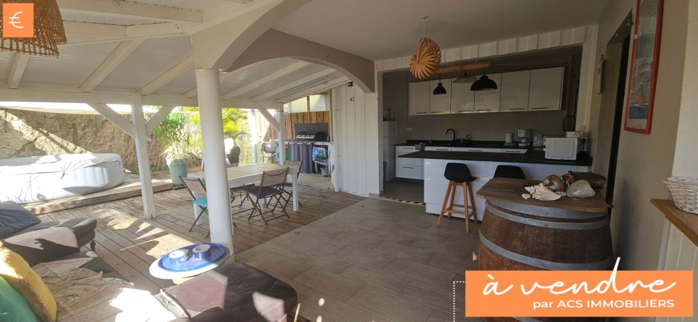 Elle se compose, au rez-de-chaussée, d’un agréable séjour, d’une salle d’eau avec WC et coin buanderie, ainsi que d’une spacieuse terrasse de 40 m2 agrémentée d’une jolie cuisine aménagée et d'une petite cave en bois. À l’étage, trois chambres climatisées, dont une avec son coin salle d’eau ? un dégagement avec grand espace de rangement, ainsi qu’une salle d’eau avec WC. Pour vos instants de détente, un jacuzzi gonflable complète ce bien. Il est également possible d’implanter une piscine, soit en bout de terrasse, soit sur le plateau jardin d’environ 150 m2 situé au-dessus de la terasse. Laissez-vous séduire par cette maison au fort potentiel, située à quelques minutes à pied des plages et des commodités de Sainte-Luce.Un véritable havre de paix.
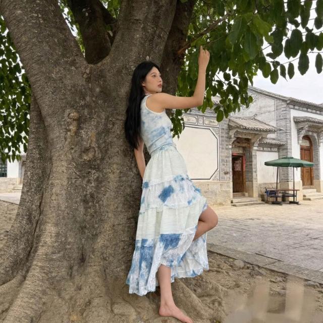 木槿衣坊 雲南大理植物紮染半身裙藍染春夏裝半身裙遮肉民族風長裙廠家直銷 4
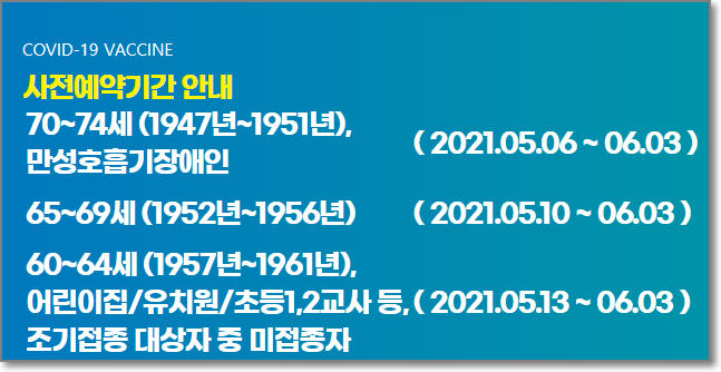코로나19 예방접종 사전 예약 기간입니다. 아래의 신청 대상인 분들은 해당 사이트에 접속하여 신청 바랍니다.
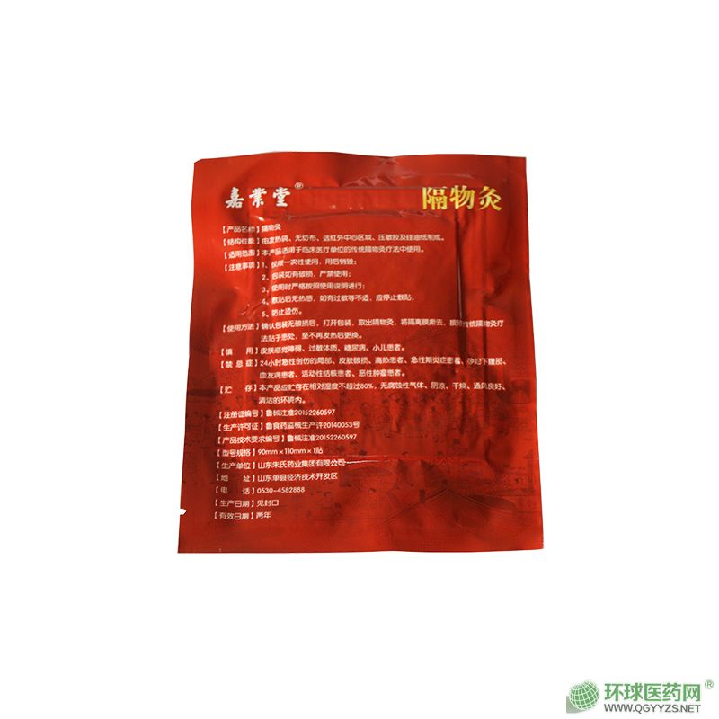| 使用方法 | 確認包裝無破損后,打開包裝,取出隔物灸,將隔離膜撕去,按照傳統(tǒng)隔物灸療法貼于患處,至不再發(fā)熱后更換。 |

• WORK TO COMPLETE
Only the pictures are to be left out; all other material is to be output exactly.

• EXERCISE RESPONSE
 Elle se compose, au rez-de-chaussée, d’un agréable séjour, d’une salle d’eau avec WC et coin buanderie, ainsi que d’une spacieuse terrasse de 40 m2 agrémentée d’une jolie cuisine aménagée et d'une petite cave en bois. À l’étage, trois chambres climatisées, dont une avec son coin salle d’eau ? un dégagement avec grand espace de rangement, ainsi qu’une salle d’eau avec WC. Pour vos instants de détente, un jacuzzi gonflable complète ce bien. Il est également possible d’implanter une piscine, soit en bout de terrasse, soit sur le plateau jardin d’environ 150 m2 situé au-dessus de la terasse. Laissez-vous séduire par cette maison au fort potentiel, située à quelques minutes à pied des plages et des commodités de Sainte-Luce.Un véritable havre de paix.
 木槿衣坊 雲南大理植物紮染半身裙藍染春夏裝半身裙遮肉民族風長裙廠家直銷 4
코로나19 예방접종 사전 예약 기간입니다. 아래의 신청 대상인 분들은 해당 사이트에 접속하여 신청 바랍니다.
| 使用方法 | 確認包裝無破損后,打開包裝,取出隔物灸,將隔離膜撕去,按照傳統(tǒng)隔物灸療法貼于患處,至不再發(fā)熱后更換。 |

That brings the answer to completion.